You'll take module-level assessments in your home environment. These are usually taken over the course of a day.
Email: r.mukherjee@soton.ac.uk
Researchers from the University of Southampton have demonstrated a new material family that will revolutionise optical circuits to replace parts of traditional electronic hardware.
The materials allow rapid reversible switching between two states, known as phase change, which has previously been limited to electronic circuits as standard commercially available materials suffer from large optical losses.
Scientists from the Quantum, Light and Matter group and Optoelectronics Research Centre (ORC) have designed the phase change materials to exhibit no loss of light at telecommunication wavelengths and be switched with very low power.
The technology is compatible with existing silicon photonic circuits and opens the door for more advanced applications. Researchers have published their findings in Advanced Functional Materials.
Lead authors Dr Matthew Delaney and Dr Ioannis Zeimpekis pinpointed the material structure and composition to enable high transparency while exhibiting low power modulation of light. They found that the new composition has 100 times less loss than the current state-of-the-art optical materials.
Their material was deposited on top of optical chips, where a short laser pulse was used to crystalize the material and change the phase of the guided light. The researchers demonstrated this property reversibly thousands of times. Importantly, the material remembers its last state without any applied signals, leading to large potential power savings.
Professor Otto Muskens, Head of the Integrated Nanophotonics group, says: This new technology will simplify and enable newly emerging applications such as solid-state LiDAR, quantum and neuromorphic computing that are currently limited by the performance of the existing materials.
Neuromorphic and programmable photonics are set to revolutionise the industry as they offer new paradigms for data processing going far beyond existing hardware. Quantum optical circuits are on the horizon and ultralow loss components are needed to make the next step in controlling and routing quantum information.

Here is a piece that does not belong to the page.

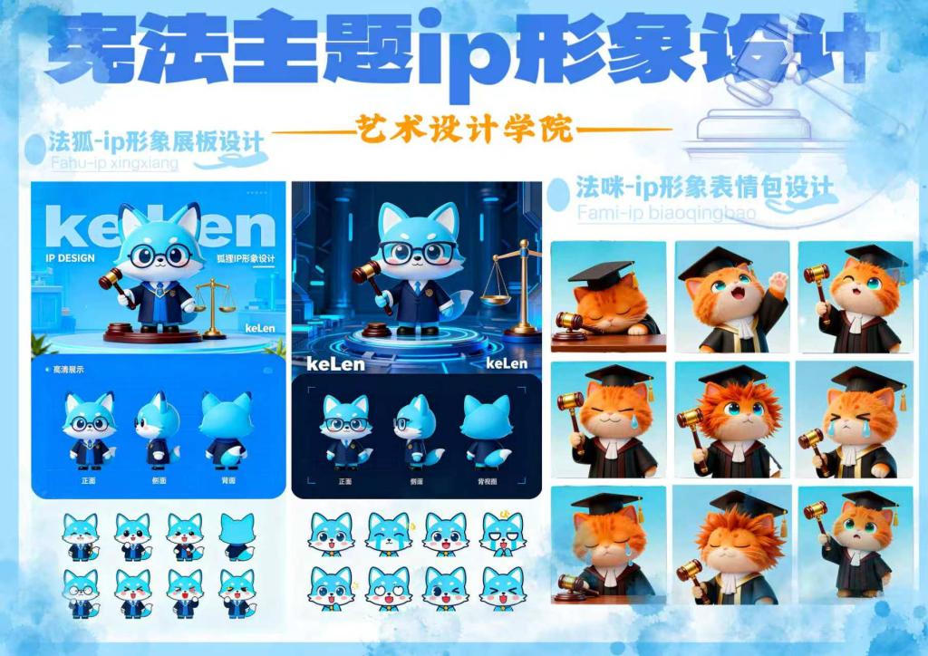 艺术设计学院举办“宪法主题ip形象设计”主题活动,设计通过可爱的狐狸形象结合法槌、天平、学士帽等元素,让严肃的宪法知识变得生动有趣,让宪法文化融入日常交流,推动法治理念更自然地走进同学们心里,让同学们在轻松氛围里感知宪法的温度与意义。
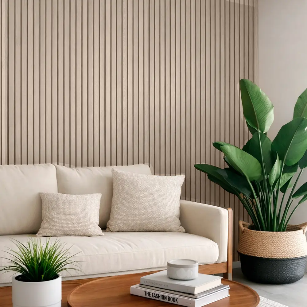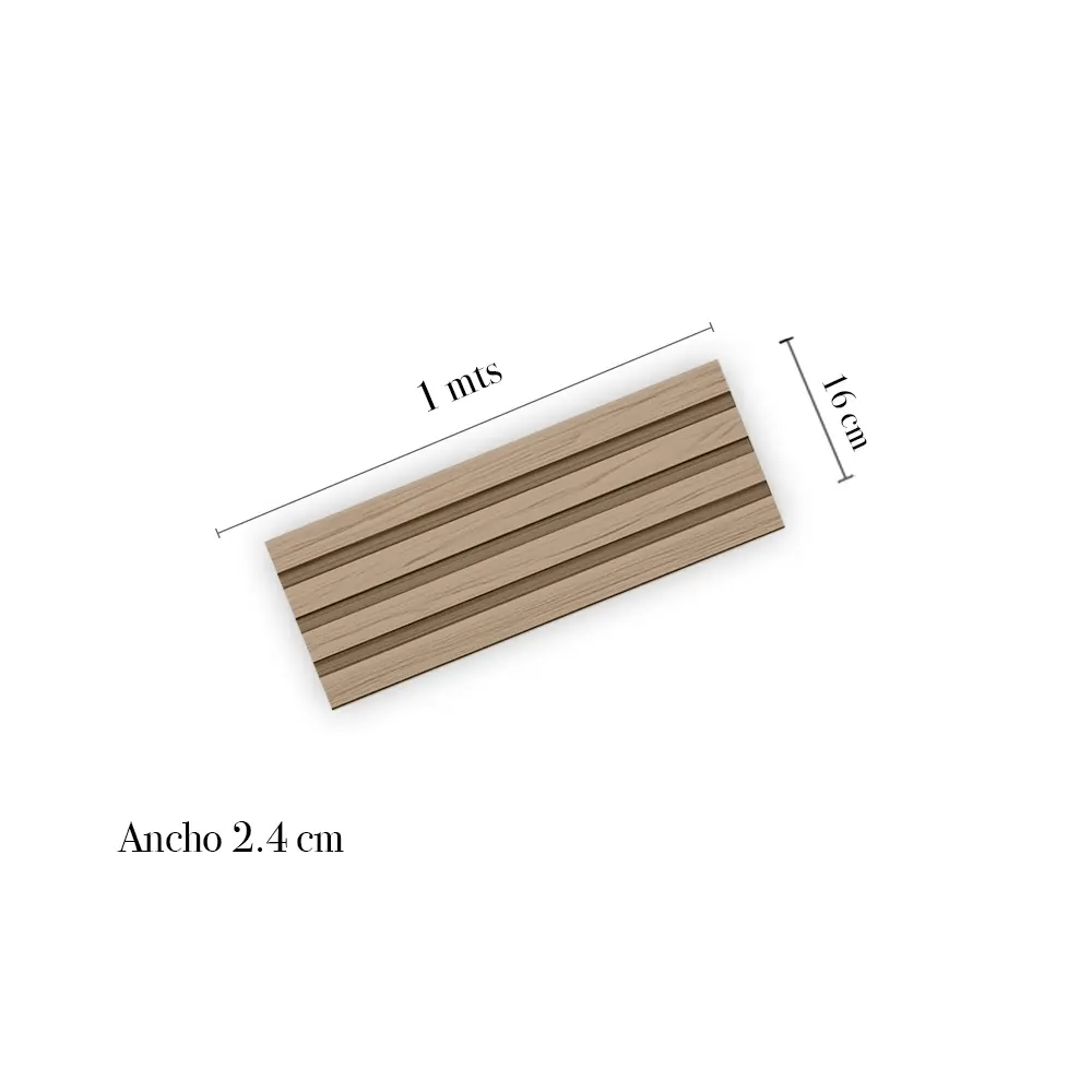 El lambrín interior de WPC es un recubrimiento decorativo para muros y plafones que combina fibras de madera y polímeros para ofrecer apariencia tipo madera, alta resistencia, estabilidad dimensional y bajo mantenimiento. Su diseño aporta calidez y textura a espacios residenciales y comerciales, y puede instalarse con adhesivo, tornillería oculta o sistema de clips según el modelo. Es resistente a la humedad ambiental, no se deforma y funciona idealmente en muros interiores, plafones, recepciones, cabeceras y oficinas, siempre en superficies firmes y secas y exclusivamente para uso interior.

Traditional communication electronics consume a huge proportion of their energy at the interconnection level, and their bandwidth is directly limited by the communication length. Using photons instead of electrons alleviates these shortcomings.

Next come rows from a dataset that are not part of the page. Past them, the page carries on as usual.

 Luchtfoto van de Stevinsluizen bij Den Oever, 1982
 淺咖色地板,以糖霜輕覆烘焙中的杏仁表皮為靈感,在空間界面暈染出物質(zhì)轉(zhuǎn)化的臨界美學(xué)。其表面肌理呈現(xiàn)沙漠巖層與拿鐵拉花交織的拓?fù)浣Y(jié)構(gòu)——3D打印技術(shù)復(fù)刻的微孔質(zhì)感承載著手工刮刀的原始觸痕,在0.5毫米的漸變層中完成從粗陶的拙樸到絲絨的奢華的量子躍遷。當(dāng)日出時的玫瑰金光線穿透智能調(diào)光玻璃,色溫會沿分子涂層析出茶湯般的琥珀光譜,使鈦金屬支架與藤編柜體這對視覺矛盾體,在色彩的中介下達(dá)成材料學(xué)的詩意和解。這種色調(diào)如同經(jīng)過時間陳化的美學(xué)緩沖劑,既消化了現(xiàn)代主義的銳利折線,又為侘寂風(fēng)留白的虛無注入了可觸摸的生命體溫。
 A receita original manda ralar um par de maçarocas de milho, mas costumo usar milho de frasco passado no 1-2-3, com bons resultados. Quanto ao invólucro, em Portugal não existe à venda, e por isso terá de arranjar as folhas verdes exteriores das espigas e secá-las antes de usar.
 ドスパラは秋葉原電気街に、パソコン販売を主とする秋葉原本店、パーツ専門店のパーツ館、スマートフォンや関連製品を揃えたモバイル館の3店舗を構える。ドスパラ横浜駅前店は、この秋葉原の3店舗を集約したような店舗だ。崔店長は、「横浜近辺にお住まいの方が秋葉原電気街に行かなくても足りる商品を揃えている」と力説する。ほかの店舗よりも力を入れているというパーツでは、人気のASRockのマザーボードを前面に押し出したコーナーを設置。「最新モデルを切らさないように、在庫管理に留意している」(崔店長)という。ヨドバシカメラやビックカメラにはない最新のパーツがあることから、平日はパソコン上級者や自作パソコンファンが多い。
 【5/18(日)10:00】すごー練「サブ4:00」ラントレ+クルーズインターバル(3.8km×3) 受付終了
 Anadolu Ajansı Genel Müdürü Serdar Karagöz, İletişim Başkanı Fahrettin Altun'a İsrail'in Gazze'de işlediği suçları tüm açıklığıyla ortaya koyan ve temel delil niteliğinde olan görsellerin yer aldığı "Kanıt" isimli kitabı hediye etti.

Phase change photonics offer much promise for the future of integrated silicon photonic circuits, with some of the worlds largest companies competing in the race for fully integrated optical solutions. However, the high absorption losses in current commercially available materials have prevented their use in larger photonic systems such as in interconnects between data servers, where the photonic technology is projected to excel.
Professor Dan Hewak, ORC co-author who has spent decades on phase change materials, says: This is a significant breakthrough for optoelectronics. Our team has now demonstrated a material which bridges the gap between electronics and photonics and we expect to see further advances resulting from their discovery.
The new phase change family has been designed as part of a series of research projects funded by the Engineering and Physical Sciences Research Council (EPSRC), including ChAMP, the Manufacturing and Application of Next Generation Chalcogenides (EP/M015130/1), Cornerstone (EP/L021129/1), The Physics and Technology of Photonic Metadevices and Metasystems (EP/M009122/1) and Nanostructured photonic metamaterials (EP/G060363/1). The new materials reside within the chalcogenide family as they combine antimony and sulfur or selenium.
The team is currently working to implement more photonic circuit components with the aim to design a neuromorphic computing photonic chip with in-memory computing capabilities. It is expected that this method will replace current technologies within the next couple of years enabling a leap forward for the technology of photonic computing.